Tra i poeti, certamente il nome di Erminio Giulio Caputo fu molto conosciuto e apprezzato. Anche se la pignola ‘accademia’ leccese non gli perdonò di aver inserito, a piè di pagina della sua raccolta ‘La chesùra’, la traduzione in italiano, E anche sulla copertina del libro, edito da Capone, vi è la traduzione in lingua, tra parentesi, che recita: ‘il campo chiuso’. Sui significati della poesia di Caputo, si sofferma a lungo Nicola G.De Donno che compie, nella prefazione a ‘La Chesùra’, una vera e propria lezione sul dialetto salentino, pagine importanti ed esemplari che dovrebbero essere lette e meditate da tutti coloro che si dedicano a poetare nel nostro dialetto.

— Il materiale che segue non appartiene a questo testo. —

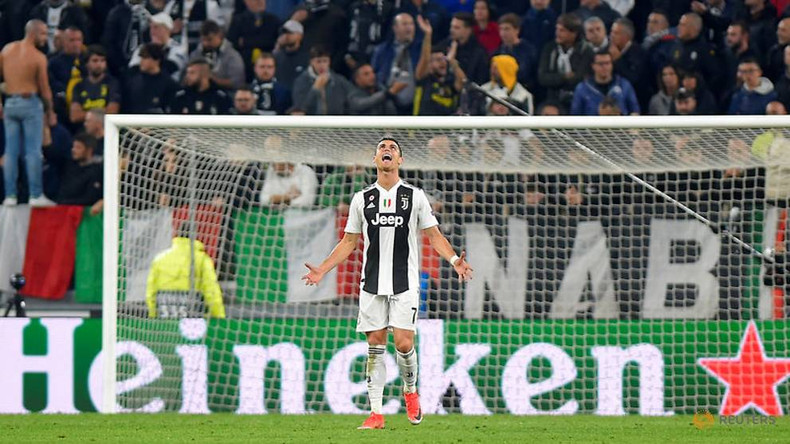 Juventus' Cristiano Ronaldo reacts after Manchester United's second goal. (Reuters)

Caputo, con la sua poesia, in realtà compie una operazione semplice ed efficace: come egli stesso affermava “Scrivo in dialetto perchè è una lingua priva di retorica, essenziale, immediata e fortemente simbolica. Oggi sotto le rozze ondate dei mezzi di comunicazione la Koinè, cioè l’italiano popolare comune, sta diventando sempre più povero. Ci esprimiamo come i personaggi della pubblicità e i presentatori a mezzo busto del video che ripetono parole convenzionali e stereotipe. Le culture popolari regionali, le parlate regionali si vanno omologando e livellando in una italofonia uniforme che sta distruggendo i dialetti e le identità culturali regionali. Da qui la necessità del recupero del dialetto, di un linguaggio che parla al cuore col cuore, che esprime gli aneliti dei tempi che nella coscienza del popolo oscuramente maturano”.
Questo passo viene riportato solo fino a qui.